> _PROBLEM TO SOLVE_: Search the records for the string "Equipe", then copy each line that has it.

> _PROVIDED ENTRIES_:
BEGIN

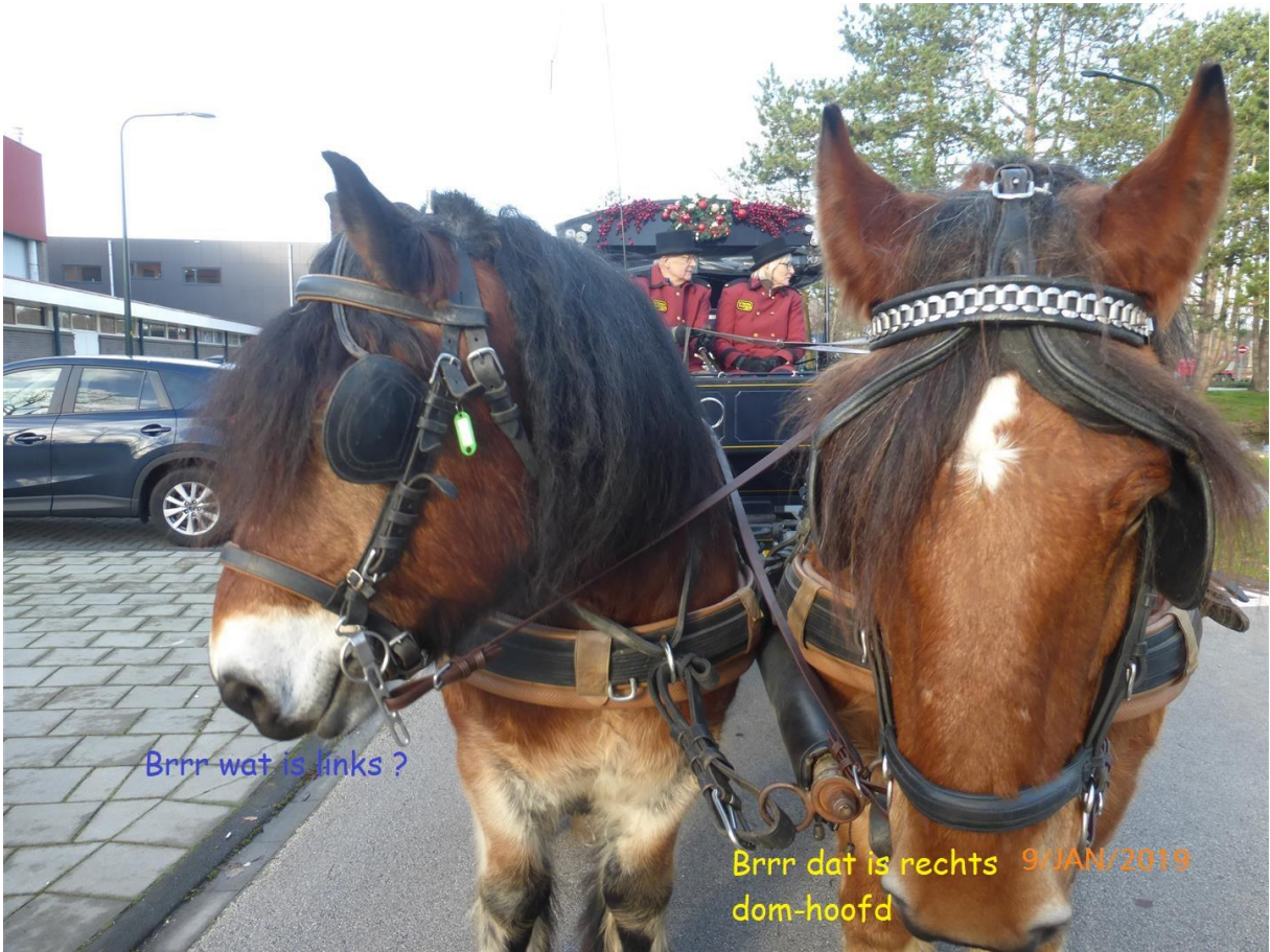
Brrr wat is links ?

END
BEGIN

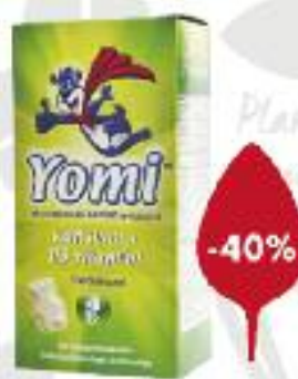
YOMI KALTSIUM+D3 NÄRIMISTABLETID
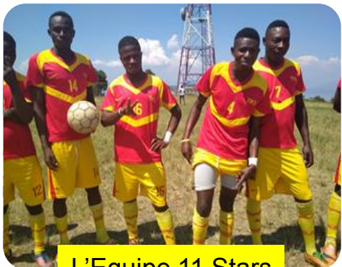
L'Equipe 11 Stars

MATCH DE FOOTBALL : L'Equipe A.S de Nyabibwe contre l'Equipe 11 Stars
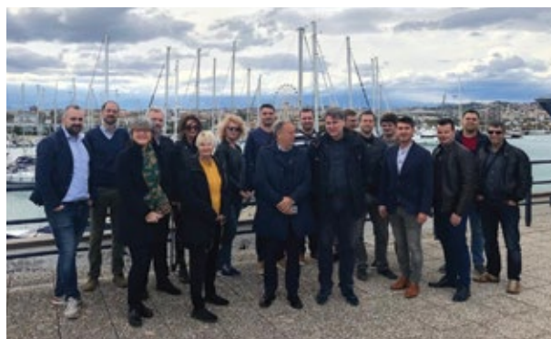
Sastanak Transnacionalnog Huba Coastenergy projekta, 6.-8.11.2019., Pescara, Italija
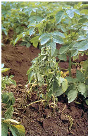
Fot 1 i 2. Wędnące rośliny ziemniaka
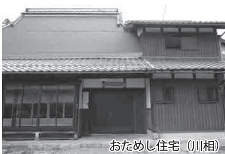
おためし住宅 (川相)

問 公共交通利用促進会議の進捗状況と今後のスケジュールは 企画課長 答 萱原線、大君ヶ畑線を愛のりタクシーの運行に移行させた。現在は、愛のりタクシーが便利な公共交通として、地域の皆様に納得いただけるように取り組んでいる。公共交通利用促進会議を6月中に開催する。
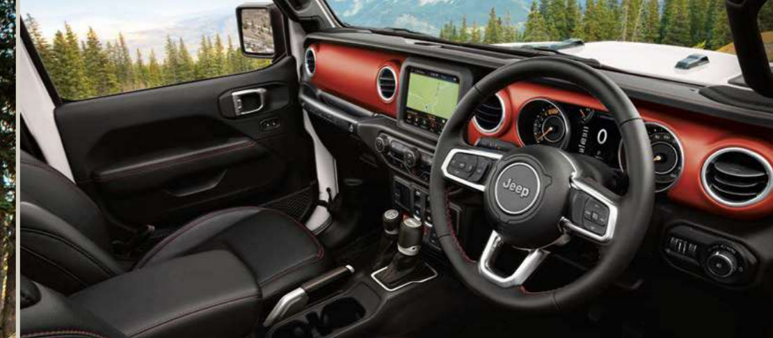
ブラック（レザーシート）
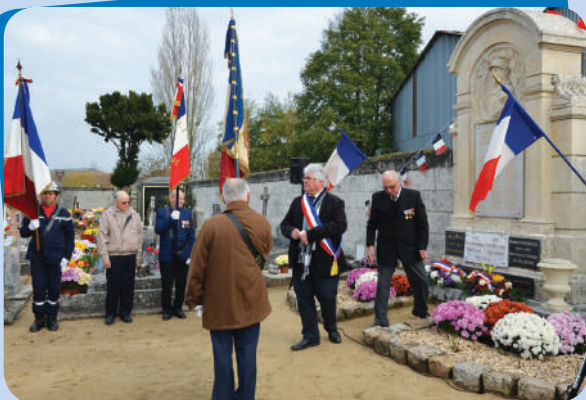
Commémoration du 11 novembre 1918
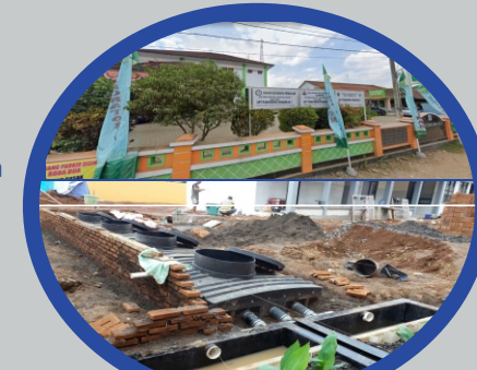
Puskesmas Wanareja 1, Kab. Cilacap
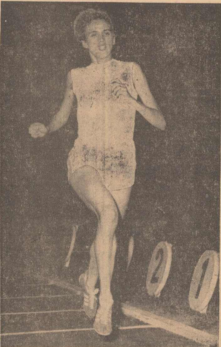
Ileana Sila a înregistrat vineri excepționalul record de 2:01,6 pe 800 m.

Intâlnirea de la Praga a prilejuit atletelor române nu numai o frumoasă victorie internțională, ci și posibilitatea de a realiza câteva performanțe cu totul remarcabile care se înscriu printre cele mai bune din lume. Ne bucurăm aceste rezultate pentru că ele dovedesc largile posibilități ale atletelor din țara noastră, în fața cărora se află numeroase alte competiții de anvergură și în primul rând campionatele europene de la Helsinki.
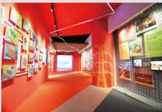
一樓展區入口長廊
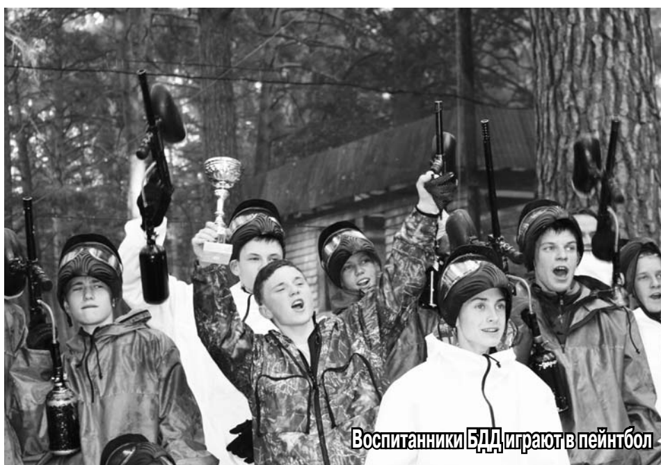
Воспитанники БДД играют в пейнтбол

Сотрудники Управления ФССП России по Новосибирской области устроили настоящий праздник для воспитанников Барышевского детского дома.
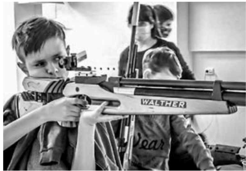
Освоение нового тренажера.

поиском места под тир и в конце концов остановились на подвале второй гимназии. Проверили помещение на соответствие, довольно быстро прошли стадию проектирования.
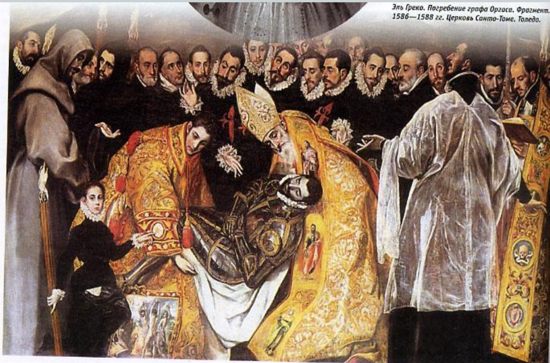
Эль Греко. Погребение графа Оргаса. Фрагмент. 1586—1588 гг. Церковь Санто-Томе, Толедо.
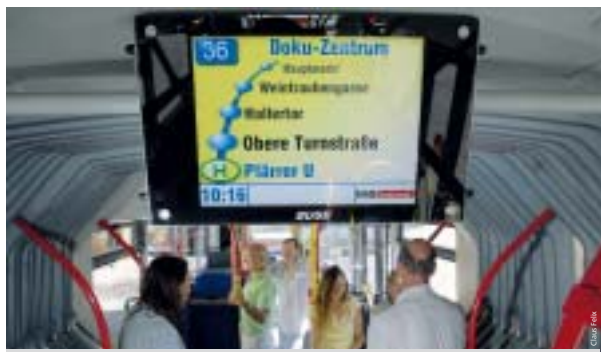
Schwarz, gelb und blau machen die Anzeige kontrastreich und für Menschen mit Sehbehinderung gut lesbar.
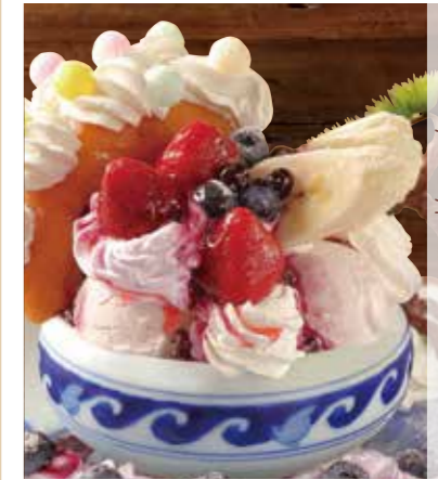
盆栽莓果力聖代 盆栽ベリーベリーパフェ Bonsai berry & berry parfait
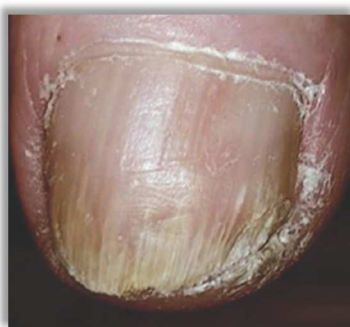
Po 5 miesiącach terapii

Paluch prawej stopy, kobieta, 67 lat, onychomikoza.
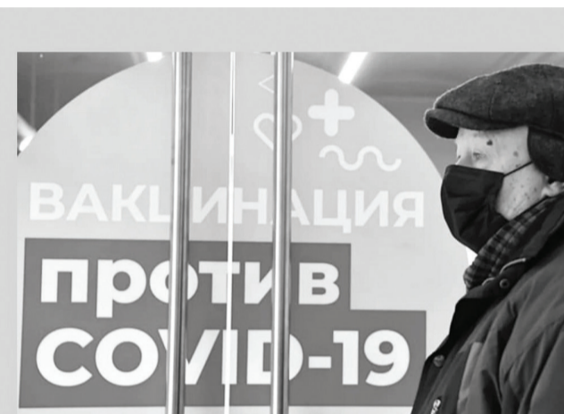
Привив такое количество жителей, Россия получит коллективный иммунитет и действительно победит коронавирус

END

> _ANSWER BOX_:
L'Equipe 11 Stars
MATCH DE FOOTBALL : L'Equipe A.S de Nyabibwe contre l'Equipe 11 Stars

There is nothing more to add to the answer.